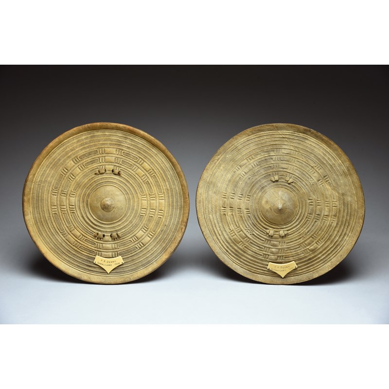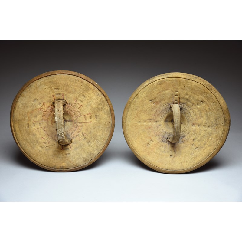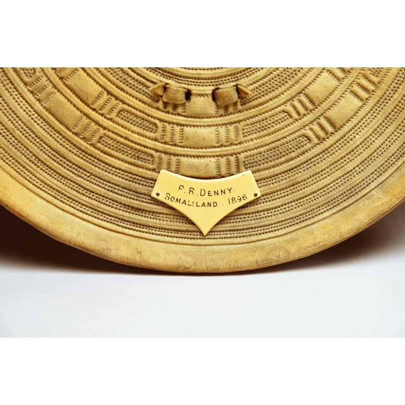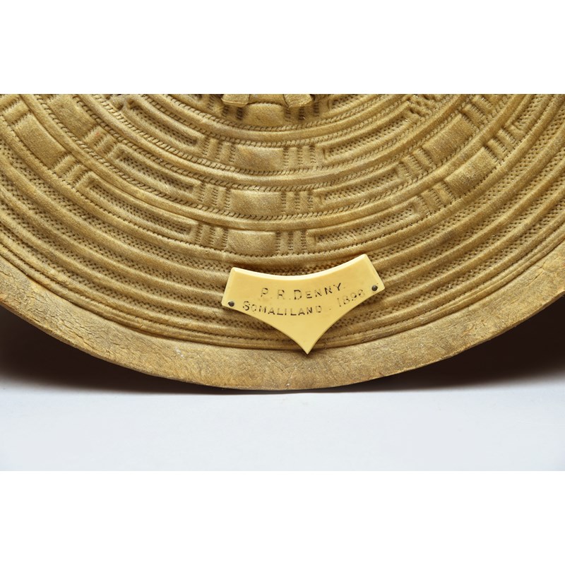 hide with ribbed and incised decoration, with hide handles, one with a cloth binding, both with red and black pigment geometric decoration to the back and with an ivorene plaque to the front inscribed P. R. DENNY. SOMALILAND. 1896,
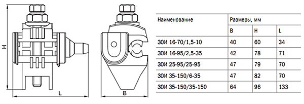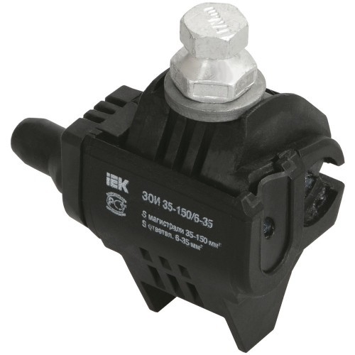 Зажимы IEK ЗОИ 35-150/6-35 предназначены для соединения и ответвления фазных и нулевых самонесущих изолированных проводов напряжением до 1 кВ, а также для ответвления абонентских проводников (проводов освещения). При затягивании болтов ножи контактной пластины образуют надежный электрический контакт, прокалывая изоляцию магистрального проводника и проводника ответвления. Конструкция зажима обеспечивает герметичность соединения и надежный электрический контакт, что подтверждено испытаниями, во время которых зажим погружался на глубину 1 метр на 1 минуту при подаче переменного напряжения 6 кВ частотой 50 Гц.
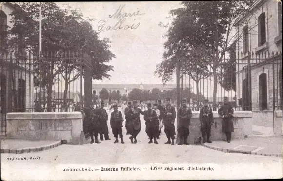 Ak Angoulême Charente, Caserne Tailleter, 107me régiment d'Infanterie

**Required action**.
The copy must begin with the line containing "Зажимы IEK ЗОИ", end with the last line of the material, match each line exactly, and hold no pictures.

**Result of the exercise**.
 Зажимы IEK ЗОИ 35-150/6-35 предназначены для соединения и ответвления фазных и нулевых самонесущих изолированных проводов напряжением до 1 кВ, а также для ответвления абонентских проводников (проводов освещения). При затягивании болтов ножи контактной пластины образуют надежный электрический контакт, прокалывая изоляцию магистрального проводника и проводника ответвления. Конструкция зажима обеспечивает герметичность соединения и надежный электрический контакт, что подтверждено испытаниями, во время которых зажим погружался на глубину 1 метр на 1 минуту при подаче переменного напряжения 6 кВ частотой 50 Гц.
 Ak Angoulême Charente, Caserne Tailleter, 107me régiment d'Infanterie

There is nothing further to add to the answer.